Outpatient GI

Background

The Gastrointestinal (GI) Tract

There are three main functions of the gastrointestinal tract, including transportation, digestion, and absorption of food. This takes place in three different phases of digestion: cephalic, gastric, and intestinal.

The gastrointestinal system begins with the mouth, leading to the esophagus and extends through the stomach, small and large intestine to the anus. Food is digested in the stomach and nutrients are absorbed in the small intestine. In the large intestine, water is reabsorbed and fecal matter is expelled through the rectum. The pancreas, liver, and gallbladder also have a role in digestion.

 

A diagram of the gastrointestinal tract is pictured. Labels indicate the location of major organs along the tract.
The upper and lower GI tract
Source: Sarahguess5, CC0, via Wikimedia Commons

 

GI Tract Components

The table below provides a brief overview of the different GI tract components,  outlining a process that starts in the oral cavity extending to the large intestine in preparation for elimination.

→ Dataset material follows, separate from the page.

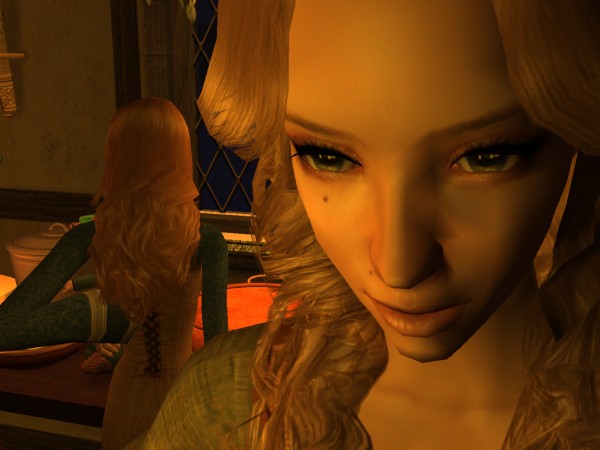 “Osh wouldn’t knock,” Kraaia shrugged and leapt up in a whirl of blonde hair. “I’ll go see!”

Overview of GI tract components
Component Brief Explanation
Oral Cavity, Teeth and Tongue Mechanical processing, moistening, and mixing with salivary secretions. Carbohydrate digestion begins in the mouth via enzymatic action (i.e. salivary amylase).
Salivary Glands Secretion of lubricating fluid containing enzymes that breakdown carbohydrates.
Pharynx Pharyngeal muscles propel materials into the esophagus.
Esophagus Transport of materials to the stomach.
Stomach Chemical breakdown of materials via acid and enzymes; mechanical processing through muscular contractions. Protein digestion occurs in the stomach (i.e. pepsin).
Liver Secretion of bile (important for lipid digestion), storage of nutrients, and many other vital functions.
Gallbladder Storage and concentration of bile.
Pancreas Exocrine cells secrete buffers and digestive enzymes; endocrine cells secrete hormones.
Small Intestine Enzymatic digestion and absorption of water, organic substrates, vitamins, and ions. Carbohydrate (i.e. lipase) and fat (i.e. pancreatic lipase and bile) digestion occurs mostly in the small intestine. Protein digestion occurs further in the small intestine (i.e. trypsin).
Large Intestine Dehydration and compaction of indigestible materials in preparation for elimination.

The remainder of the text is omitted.